(Task to carry out): Transcribe the listing verbatim. Do not carry over any pictures.

(Information given):
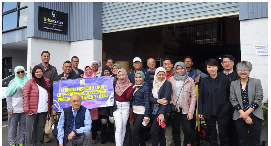
Group photograph at Sue-e furniture Auckland outlet

The main products New Zealand imports from Malaysia are wooden furniture, BJC, sawntimber, fibreboard, wooden frames, mouldings and plywood while Malaysia buys veneer, sawntimber, fibreboard, logs and plywood from New Zealand.
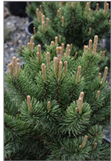
Lakeview Mugo Pine foliage
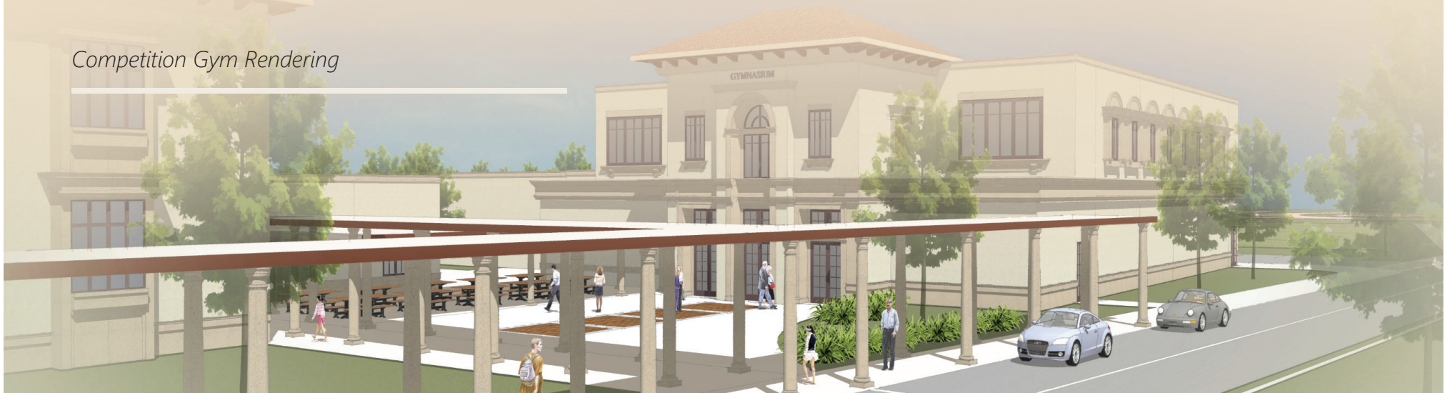
Competition Gym Rendering

This gym will serve as a battleground for wins and losses and as a place where Christian character is tested and grows in the face of challenges. This gym will provide a space where students can learn to, in the words of Isaiah, “run and not be faint.” Or in the words of Paul, “lay aside every weight, and sin which clings so closely, and ... run with endurance the race that is set before [them].” This gym will allow experiences to happen that will sharpen students’ skills for battle—in athletics and in life. This gym will provide times where the whole community can demonstrate love for your neighbor and the fruit of the spirit as we interact with teammates, officials, opposing teams, and coaches. This gym will encourage the pursuit of excellence in both talent and character. As we have said during our earlier campaigns, and we trust remains true: we shape our buildings, and thereafter, they shape us. Stories that are written in this space of battles ending in both defeat and victory will be the stories describing who we are; these will be told by students and parents alike to each other and to their children one day. I pray that all of these stories depict a pursuit of excellence and a grateful acknowledgment of giving all praise and honor due him who has given us this place.
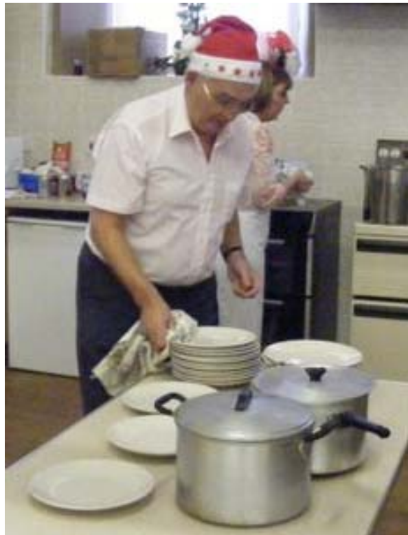
Some more going-on at the annual Christmas dinner for senior citizens are pictured here. Thanks again to all who made the day possible. Special thanks to the Fire Service for their donation, which together with that of the Police, helps cover the costs of this lunch.
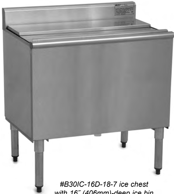
#B30IC-16D-18-7 ice chest with 16" (406mm)-deep ice bin

Eagle 1800 Series Ice Chests with Sealed-In Cold Plate, model _____ . Top, front, backsplash and ice bin to be heavy gauge type 304 stainless steel. Fabricated ice bin is fully insulated with 1½" drain, and sealed-in 7-circuit cold plate. 1½" O.D. galvanized tubular legs with adjustable bullet feet.
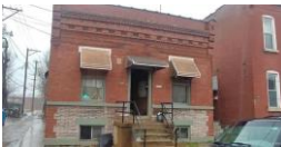
3343 Louisiana Ave, 63118 2-family, 1,500 sq. ft. - $29,900 (Pending)
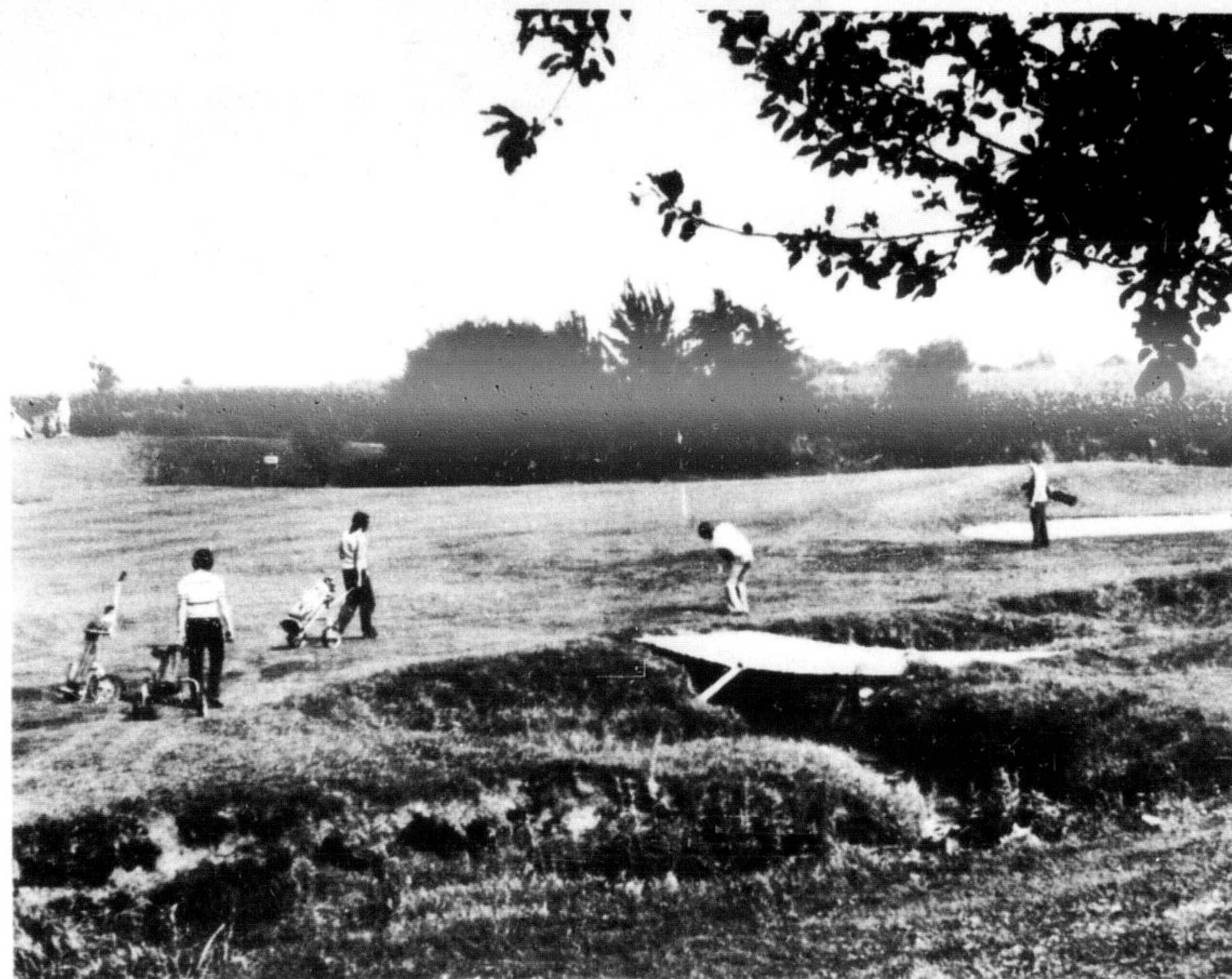
IF YOU'RE LUCKY, or good, you can chip up onto the 17th green at Hornby Tower Golf Club without any penalty strokes. The creek catches many drives along that fairway.
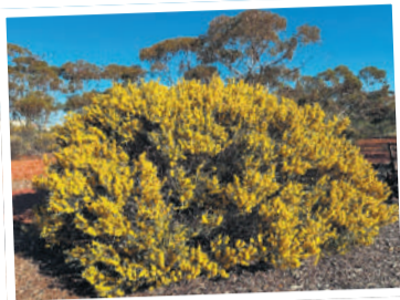
Goldfields Tan Wattle ( Acacia hemiteles ) in bloom at Karlkurla Bushland Park.

On the 1st of September we celebrated National Wattle Day. While the Golden Wattle was officially proclaimed Australia's national floral emblem in 1988, wattles have held deep cultural and traditional use significance for Indigenous Australians for much longer.
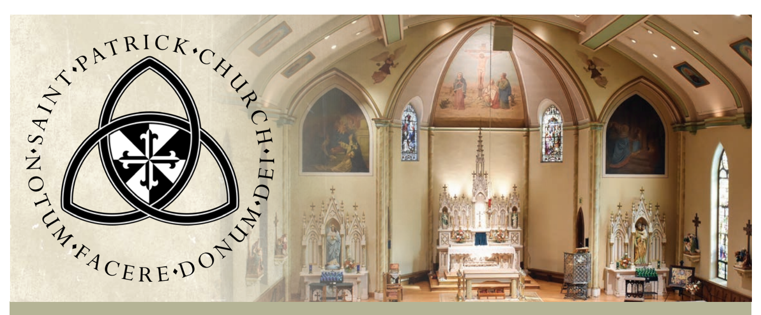
September 8, 2024 • Twenty-third Sunday in Ordinary Time
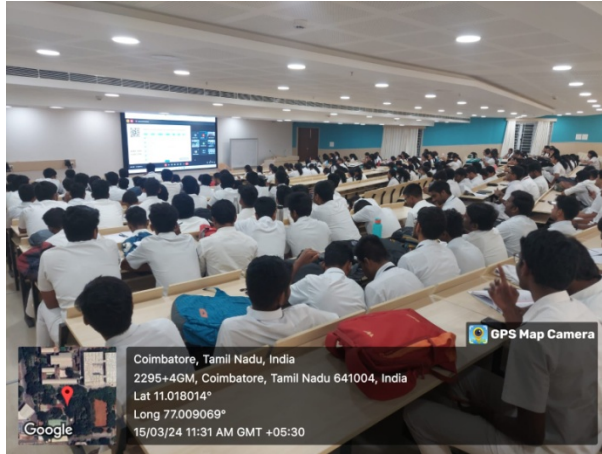
PSG Medical College ,Coimbatore
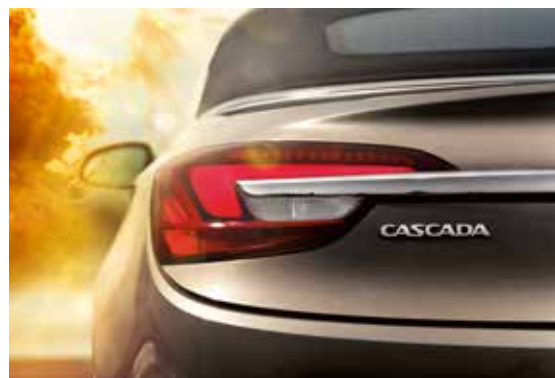
Above: Full width rear chrome bar integrates with dual LED tail-lamps in inimitable style. Cascada shown in Phantom Grey

Seductive European styling at its finest.
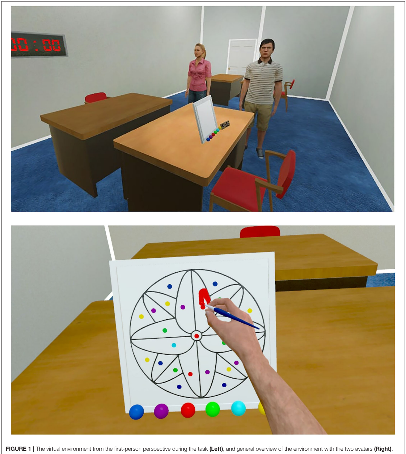
FIGURE 1 | The virtual environment from the first-person perspective during the task (Left), and general overview of the environment with the two avatars (Right).

in the same way by right- and left-handed participants (see the accompanying video 4 ).
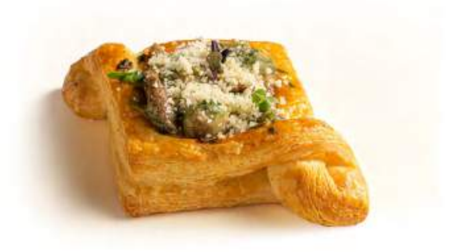
MUSHROOM GARLIC CHEESE Creamy mushroom, spinach, garlic, white onion, truffle, parmesan.
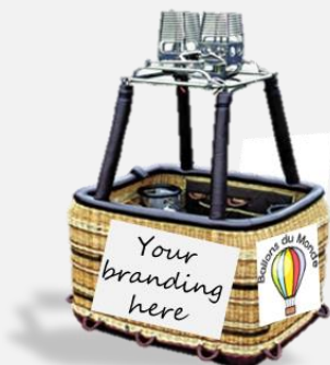
Branding the Basket for Close-up Photoshoots

Ballons du Monde can be customised to your objectives. We offer options to brand the basket, create a custom balloon banner or build an entire balloon envelope.
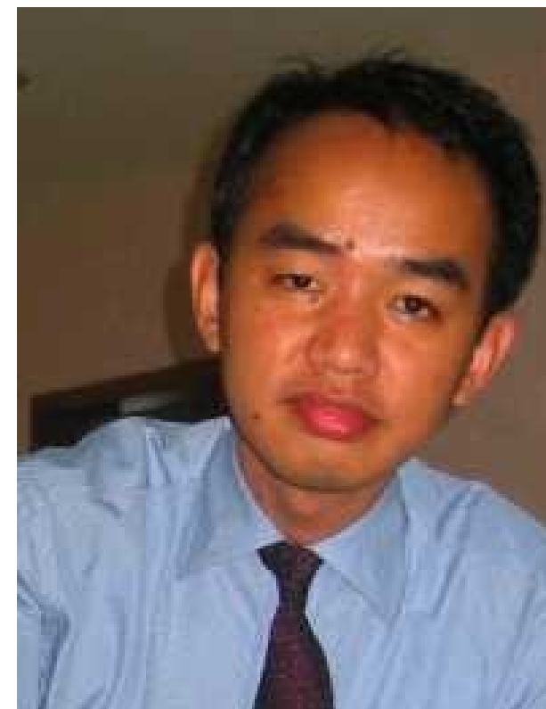
Arvino Mudjiarto Woorknet - OoO Server
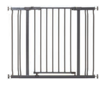
Ava pressure-mounted gate
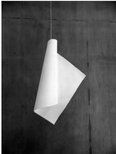
Figure 4. Final Prototype

year exhibition (Figure 5). It was also refreshing to finally see a product design student in the school explore materials beyond the ubiquitous use of plastics and occasional use of aluminium that are normally considered appropriate for contemporary consumer product design.
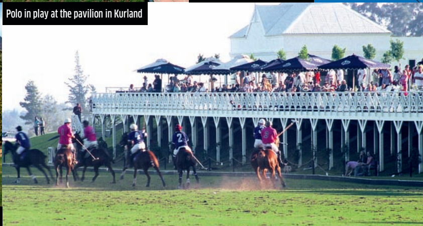
Polo in play at the pavilion in Kurland

at five-star Kurland hotel are also top notch (0027-44-534 8082; kurland.co.za ). The Grand Café & Rooms in Plettenberg Bay is perfect for lovebirds – book the suite with two baths side by side (0027-44-533 3301; thegrand.co.za ). Pack a picnic lunch – don't forget the BBQ meat – and hire a boat at the nearby Keurbooms River Ferries (0027-44-532 7876; ferry.co.za ).
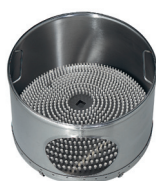
Wash insert with brushes
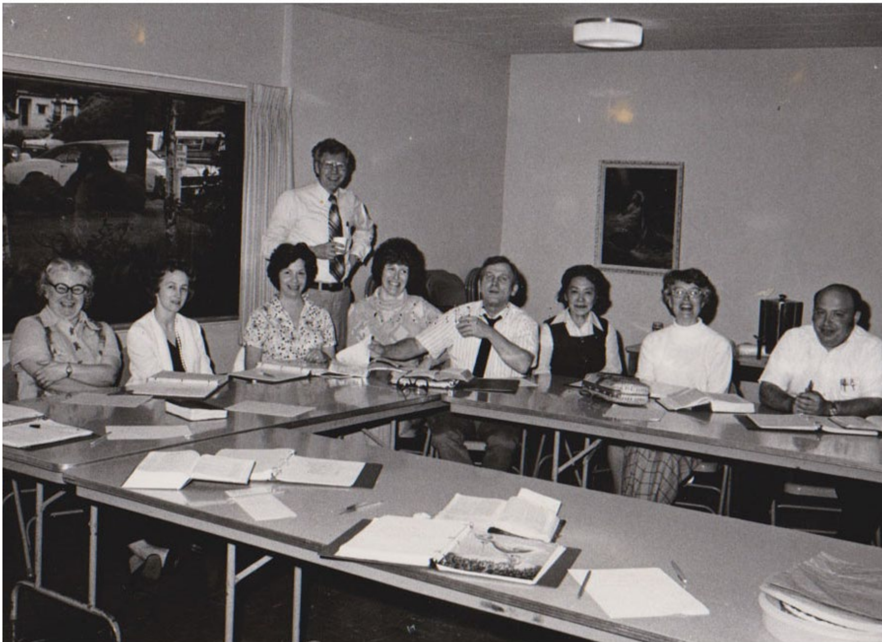
1976 Bethel Bible Study Leaders
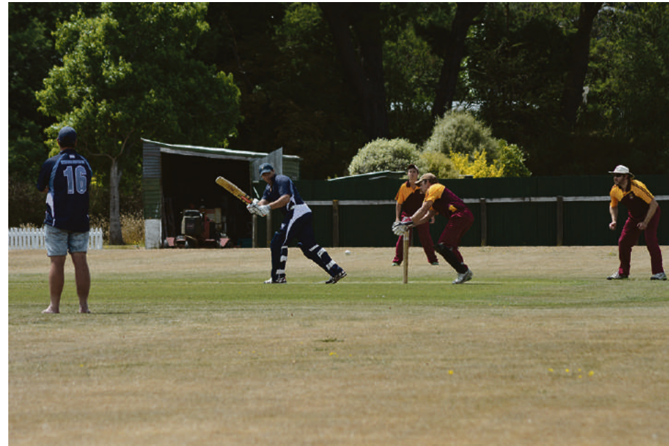
Above: Marton Saracens cricketers at their home ground of Centennial Park.
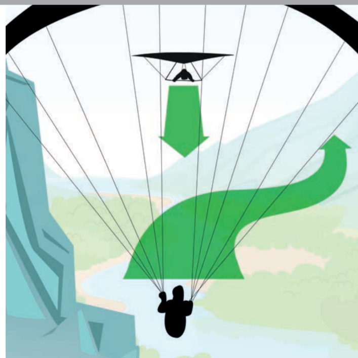
Ridge soaring: The glider with the ridge on his or her left should give way.

In Europe there are currently no legally binding rules specific to thermal flying and ridge soaring for paragliders and hang-gliders. The European Hang Gliding and Paragliding Union (EHPU) has therefore summarised the most important common rules which are valid in all countries. It should be noted however, that in some countries the rules for thermal flying and ridge soaring can only be regarded as a recommendation of the national federation, not as a legal requirement. In general, the EHPU recommends that when flying abroad, you should consult the websites of the national pilot federations for information on the flight rules.
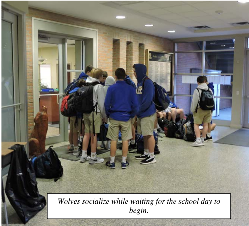
Wolves socialize while waiting for the school day to begin.
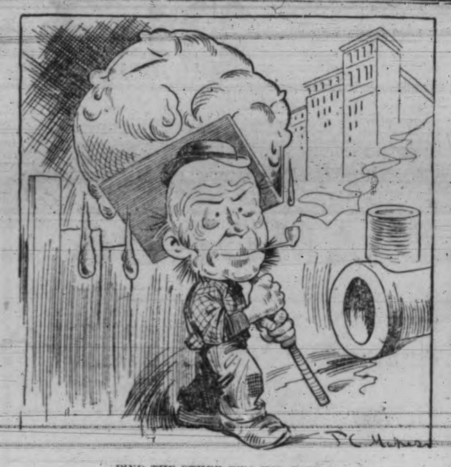
In yesterday's puzzle, by using the upper part of the picture as base, the gentleman of whom the lady is thinking is found near the bottom of the picture, his features being formed by the back of the lady.

FIFTEEN DROWNED. Faval, Awes, Oct. 13.—The American whaler Joseph Manta has wrecked on the Island of Pico, one of the Azores group, and all on board were lost. The Joseph Manta, hulled from Provincetown, Mass., and was of 1,116 tons and built in 1900 at Essex, Mass. She carried a crew of fifteen men.
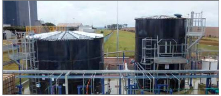
Tapered Beam Roof – Brazil
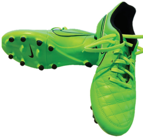
Figure 2 Firm ground football shoe used by all participants (Nike Tiempo Genio II).

are placed bilaterally with no foot orthotics in place so that the Pedar-X insoles were flat. A global positioning system (GPS) with accelerometer (Catapult, Australia) was used to verify running speed of the trials.
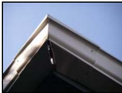
3.3 Picture 1

3.3 Gutter(s) leaks at seams around the building. Gutters that drain poorly or clogged can lead to many costly problems such as deterioration of fascia, soffit or roof edge. It can also cause gutters to pull loose and lead to possible water intrusion. Recommend a qualified licensed general contractor inspect and repair as needed.
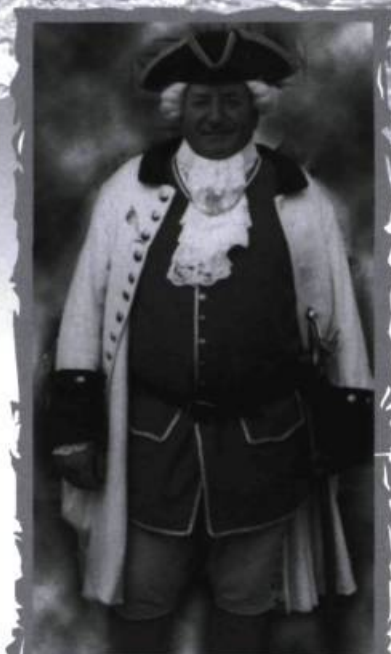
Your most faithful, obedient and humble Servant...

tury re-enactor from the market in Old Montreal for assisting us to step back in time.

(Response below):
Group photograph at Sue-e furniture Auckland outlet

The main products New Zealand imports from Malaysia are wooden furniture, BJC, sawntimber, fibreboard, wooden frames, mouldings and plywood while Malaysia buys veneer, sawntimber, fibreboard, logs and plywood from New Zealand.
Lakeview Mugo Pine foliage
Competition Gym Rendering

This gym will serve as a battleground for wins and losses and as a place where Christian character is tested and grows in the face of challenges. This gym will provide a space where students can learn to, in the words of Isaiah, “run and not be faint.” Or in the words of Paul, “lay aside every weight, and sin which clings so closely, and ... run with endurance the race that is set before [them].” This gym will allow experiences to happen that will sharpen students’ skills for battle—in athletics and in life. This gym will provide times where the whole community can demonstrate love for your neighbor and the fruit of the spirit as we interact with teammates, officials, opposing teams, and coaches. This gym will encourage the pursuit of excellence in both talent and character. As we have said during our earlier campaigns, and we trust remains true: we shape our buildings, and thereafter, they shape us. Stories that are written in this space of battles ending in both defeat and victory will be the stories describing who we are; these will be told by students and parents alike to each other and to their children one day. I pray that all of these stories depict a pursuit of excellence and a grateful acknowledgment of giving all praise and honor due him who has given us this place.
Some more going-on at the annual Christmas dinner for senior citizens are pictured here. Thanks again to all who made the day possible. Special thanks to the Fire Service for their donation, which together with that of the Police, helps cover the costs of this lunch.
#B30IC-16D-18-7 ice chest with 16" (406mm)-deep ice bin

Eagle 1800 Series Ice Chests with Sealed-In Cold Plate, model _____ . Top, front, backsplash and ice bin to be heavy gauge type 304 stainless steel. Fabricated ice bin is fully insulated with 1½" drain, and sealed-in 7-circuit cold plate. 1½" O.D. galvanized tubular legs with adjustable bullet feet.
3343 Louisiana Ave, 63118 2-family, 1,500 sq. ft. - $29,900 (Pending)
IF YOU'RE LUCKY, or good, you can chip up onto the 17th green at Hornby Tower Golf Club without any penalty strokes. The creek catches many drives along that fairway.
Goldfields Tan Wattle ( Acacia hemiteles ) in bloom at Karlkurla Bushland Park.

On the 1st of September we celebrated National Wattle Day. While the Golden Wattle was officially proclaimed Australia's national floral emblem in 1988, wattles have held deep cultural and traditional use significance for Indigenous Australians for much longer.
September 8, 2024 • Twenty-third Sunday in Ordinary Time
PSG Medical College ,Coimbatore
Above: Full width rear chrome bar integrates with dual LED tail-lamps in inimitable style. Cascada shown in Phantom Grey

Seductive European styling at its finest.
FIGURE 1 | The virtual environment from the first-person perspective during the task (Left), and general overview of the environment with the two avatars (Right).

in the same way by right- and left-handed participants (see the accompanying video 4 ).
MUSHROOM GARLIC CHEESE Creamy mushroom, spinach, garlic, white onion, truffle, parmesan.
Branding the Basket for Close-up Photoshoots

Ballons du Monde can be customised to your objectives. We offer options to brand the basket, create a custom balloon banner or build an entire balloon envelope.
Arvino Mudjiarto Woorknet - OoO Server
Ava pressure-mounted gate
Figure 4. Final Prototype

year exhibition (Figure 5). It was also refreshing to finally see a product design student in the school explore materials beyond the ubiquitous use of plastics and occasional use of aluminium that are normally considered appropriate for contemporary consumer product design.
Polo in play at the pavilion in Kurland

at five-star Kurland hotel are also top notch (0027-44-534 8082; kurland.co.za ). The Grand Café & Rooms in Plettenberg Bay is perfect for lovebirds – book the suite with two baths side by side (0027-44-533 3301; thegrand.co.za ). Pack a picnic lunch – don't forget the BBQ meat – and hire a boat at the nearby Keurbooms River Ferries (0027-44-532 7876; ferry.co.za ).
Wash insert with brushes
1976 Bethel Bible Study Leaders
Above: Marton Saracens cricketers at their home ground of Centennial Park.
Ridge soaring: The glider with the ridge on his or her left should give way.

In Europe there are currently no legally binding rules specific to thermal flying and ridge soaring for paragliders and hang-gliders. The European Hang Gliding and Paragliding Union (EHPU) has therefore summarised the most important common rules which are valid in all countries. It should be noted however, that in some countries the rules for thermal flying and ridge soaring can only be regarded as a recommendation of the national federation, not as a legal requirement. In general, the EHPU recommends that when flying abroad, you should consult the websites of the national pilot federations for information on the flight rules.
Wolves socialize while waiting for the school day to begin.
In yesterday's puzzle, by using the upper part of the picture as base, the gentleman of whom the lady is thinking is found near the bottom of the picture, his features being formed by the back of the lady.

FIFTEEN DROWNED. Faval, Awes, Oct. 13.—The American whaler Joseph Manta has wrecked on the Island of Pico, one of the Azores group, and all on board were lost. The Joseph Manta, hulled from Provincetown, Mass., and was of 1,116 tons and built in 1900 at Essex, Mass. She carried a crew of fifteen men.
Tapered Beam Roof – Brazil
Figure 2 Firm ground football shoe used by all participants (Nike Tiempo Genio II).

are placed bilaterally with no foot orthotics in place so that the Pedar-X insoles were flat. A global positioning system (GPS) with accelerometer (Catapult, Australia) was used to verify running speed of the trials.
3.3 Picture 1

3.3 Gutter(s) leaks at seams around the building. Gutters that drain poorly or clogged can lead to many costly problems such as deterioration of fascia, soffit or roof edge. It can also cause gutters to pull loose and lead to possible water intrusion. Recommend a qualified licensed general contractor inspect and repair as needed.
Your most faithful, obedient and humble Servant...

tury re-enactor from the market in Old Montreal for assisting us to step back in time.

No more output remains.